_What needs to be done_
Every line of the material must be given again verbatim. Skip the images.

_Data below_

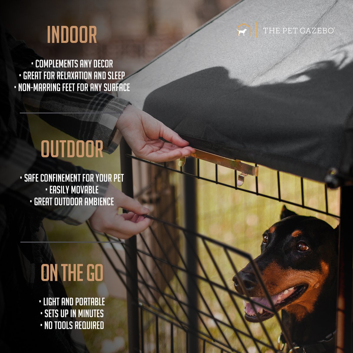 - Take your furbaby’s comfort even further with modular connect-ability that allows for multiple Pet Gazebos (sold separately) to be connected for multiple pals.
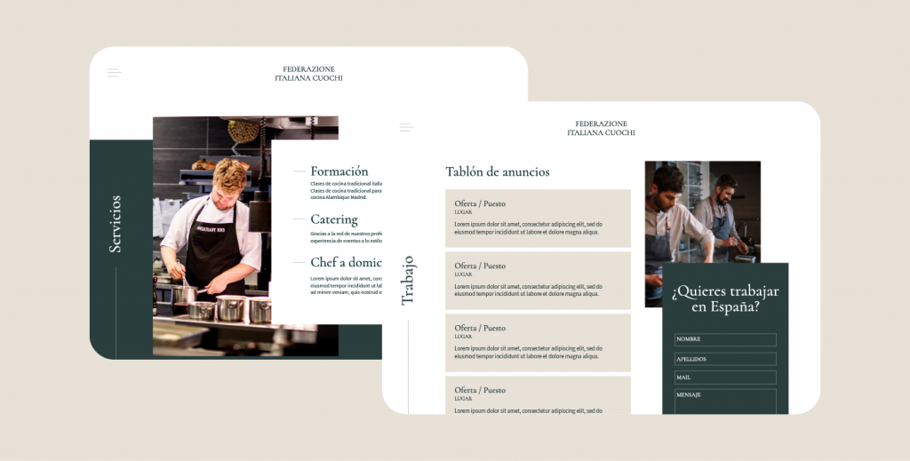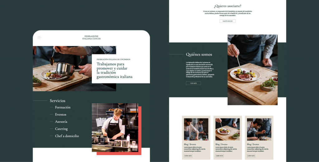 I collaborated with a creative studio in Madrid on the website design for the Italian Federation of Chefs (FIC).
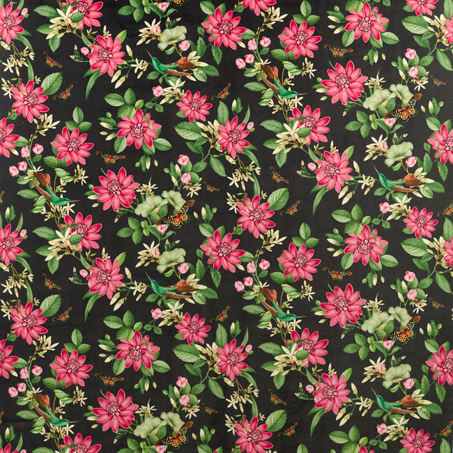 A symbol of inner wisdom and the sanctity of daily life, the Pink Lotus is considered a sacred flower in the tropics of Asia. Typically found in marshy swamps, it produces gigantic fragrant blossoms and leaves, a haven for flying insects such as bejewelled dragonflies. The delicate balance of daily life is celebrated in this bold and beautiful pattern, that's printed on both linen and velvet.

_Answer for the task_
 - Take your furbaby’s comfort even further with modular connect-ability that allows for multiple Pet Gazebos (sold separately) to be connected for multiple pals.
 I collaborated with a creative studio in Madrid on the website design for the Italian Federation of Chefs (FIC).
 A symbol of inner wisdom and the sanctity of daily life, the Pink Lotus is considered a sacred flower in the tropics of Asia. Typically found in marshy swamps, it produces gigantic fragrant blossoms and leaves, a haven for flying insects such as bejewelled dragonflies. The delicate balance of daily life is celebrated in this bold and beautiful pattern, that's printed on both linen and velvet.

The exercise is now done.